■ EXERCISE DATA:
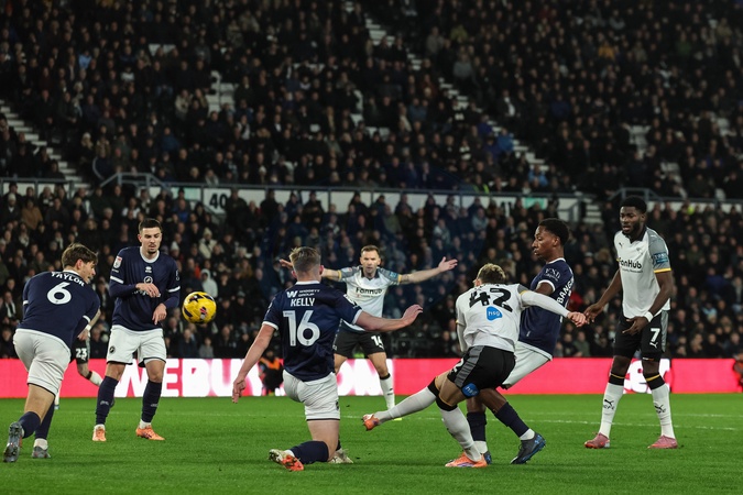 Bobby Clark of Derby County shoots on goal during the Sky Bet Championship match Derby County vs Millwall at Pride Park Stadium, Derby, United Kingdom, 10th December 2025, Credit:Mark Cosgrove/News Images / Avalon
--
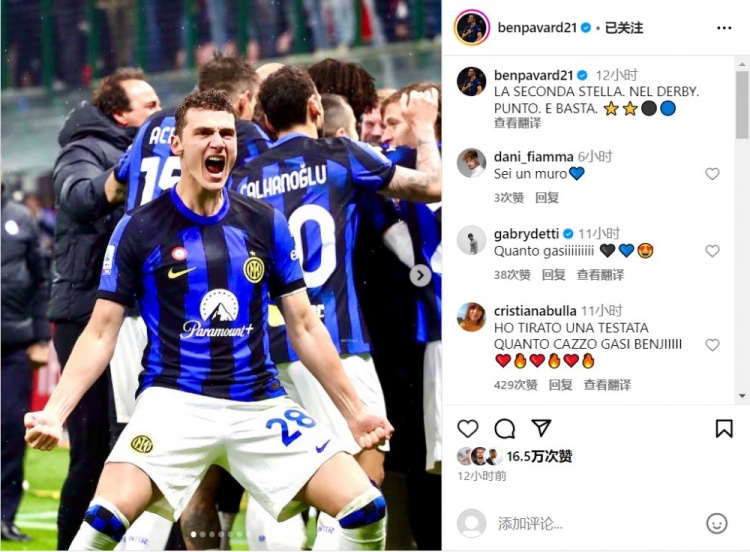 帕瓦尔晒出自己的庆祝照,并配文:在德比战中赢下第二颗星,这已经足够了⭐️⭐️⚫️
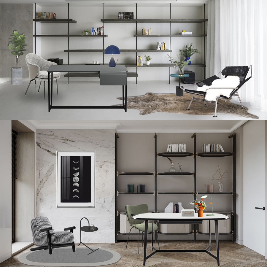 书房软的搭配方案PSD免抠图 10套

■ WHAT IS EXPECTED: What you write out is the stretch of entries from the line containing "帕瓦尔晒出自己的庆祝照,并配" to the line containing "书房软的搭配方案PSD免抠图 10套", word for word, with both end lines and no pictures.

■ RESULT OF THE TASK:
 帕瓦尔晒出自己的庆祝照,并配文:在德比战中赢下第二颗星,这已经足够了⭐️⭐️⚫️
 书房软的搭配方案PSD免抠图 10套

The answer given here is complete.